Когда сын отправился играть, Мери спокойно продолжила:
– Мы изнемогаем от долгов. Между нами говоря, я и мой муж получаем жалованье в трех местах, но расходы съедают все до последнего. Я пыталась экономить, но когда речь заходит о Джо, мне очень трудно, и я, как правило, уступаю.
Розали окинула пристальным взором маленького мальчика, увлеченно игравшего в заводной обезьянкой. Он поворачивал ключ, и голова куклы начинала дергаться из стороны в сторону. Должно быть, и эта и другие игрушки, лежавшие на ковре, влетели родителям Джо в копеечку.
– Я очень боюсь, что нас заставят покинуть Типпети Коттедж. Нам это будет очень горько. Джо уже уволил грума и отказался от лошади и экипажа. Теперь он запретил мне покупать что-либо для дома и нанимать слуг. Он надеется расплатиться с кредиторами и поручить свои дела адвокату, а это, несомненно, потребует от нас дополнительных средств.
– Но, по крайней мере, адвокат поможет вам разобраться с вашими трудностями, – ободряюще произнесла Розали.
– Мы оба виноваты, что не сумели справиться, – пояснила Мери. – Мы тратили деньги в основном на образование сына.
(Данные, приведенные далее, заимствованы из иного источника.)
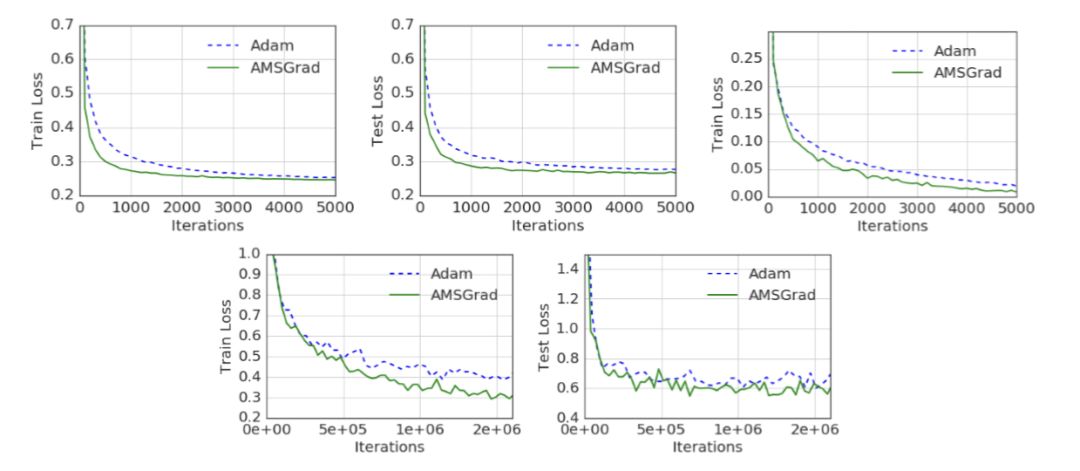 如图2所示,在逻辑回归、前馈神经网络和CIFARNET中对Adam和AMSGRAD的性能比较。上面一行显示了ADAM和AMSGRAD在逻辑回归(前两个图)和隐藏层=1的前馈神经网络(右图)的性能。在最下面一行中,这两图比较了Adam和阿AMSGRAD训练和测试,并基于CIFARNET进行了比较。

Сначала мы отправили его в местную школу, затем наняли учителей французского и итальянского, а сейчас у него появился гувернер. До последнего времени у него был также преподаватель музыки. У Джо хорошие способности, и для маленького мальчика он прекрасно играет на скрипке. Бернсы и Фэрбразеры, у которых дети уже выступают на сцене, решили, что мы сошли с ума и собираемся сделать из него джентльмена, а не актера. Но наш Джо очень умный и со временем из него выйдет толк.
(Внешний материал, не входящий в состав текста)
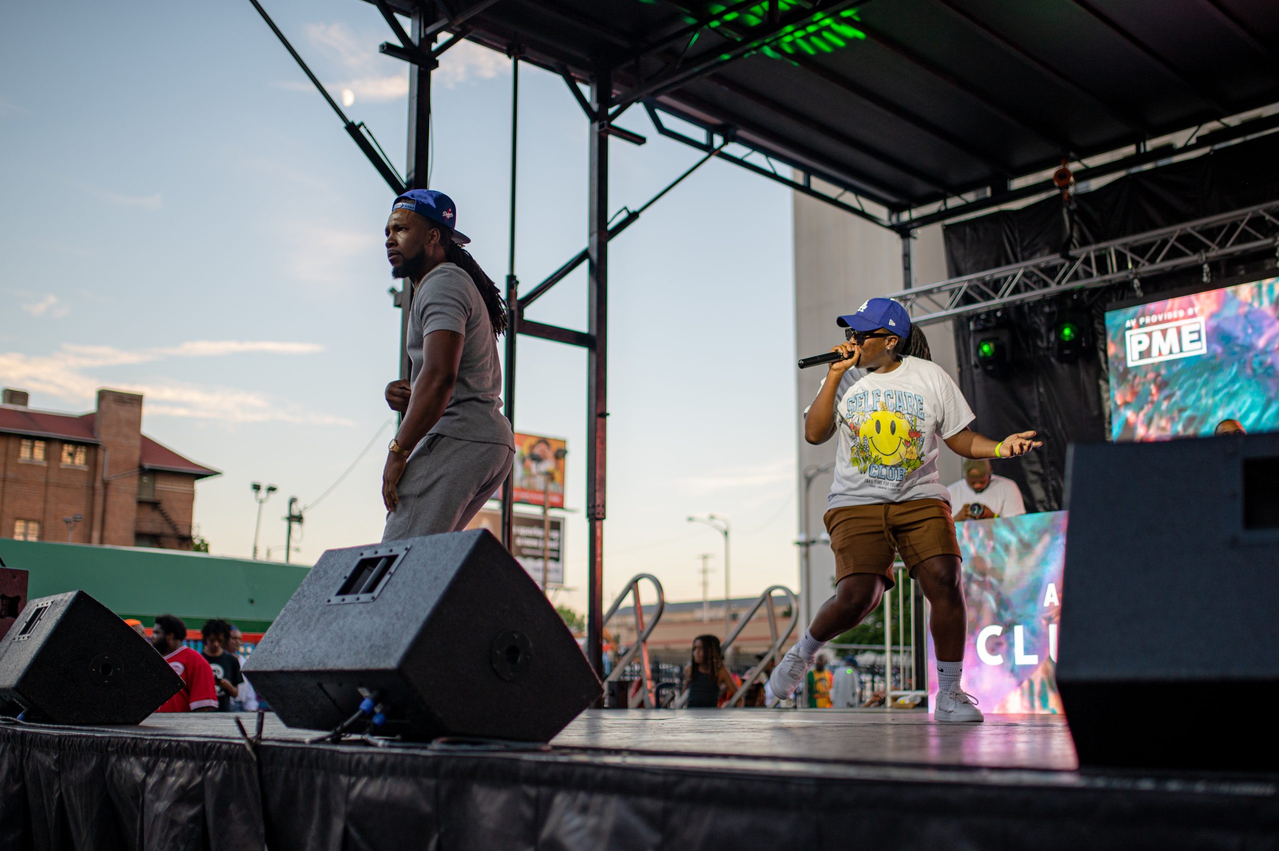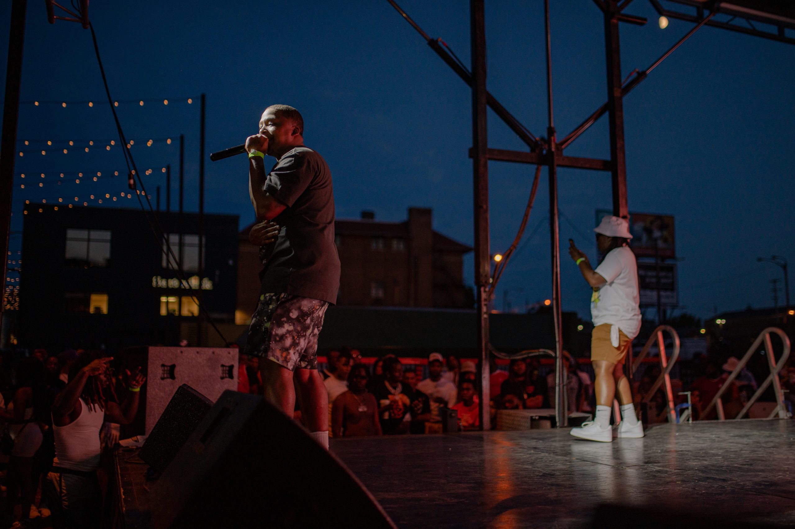 Flint-based rappers Sway Montoya and JernÄ perform during Glizzy Fest in Downtown Flint, Mich. on August 6, 2022. (Michael Indriolo | Flint Beat)

Мальчик услыхал свое имя и взглянул на них.
– Подойди сюда и сядь со мной, – пригласила его Розали, похлопав по подушке на диване. – Скажи, кем ты хочешь стать, когда вырастешь? Только не говори, что еще не знаешь. Я решила это для себя, когда мне было восемь лет.
Джо усмехнулся.
– Я собираюсь стать клоуном в панталонах, как мой папа, – снова взяв игрушку, он поклонился Розали. – Папа был моложе меня, когда впервые вышел на сцену – он играл роль обезьянки. И я тоже могу. Посмотрите! – Он зашевелил ушами и скопировал движения обезьяны.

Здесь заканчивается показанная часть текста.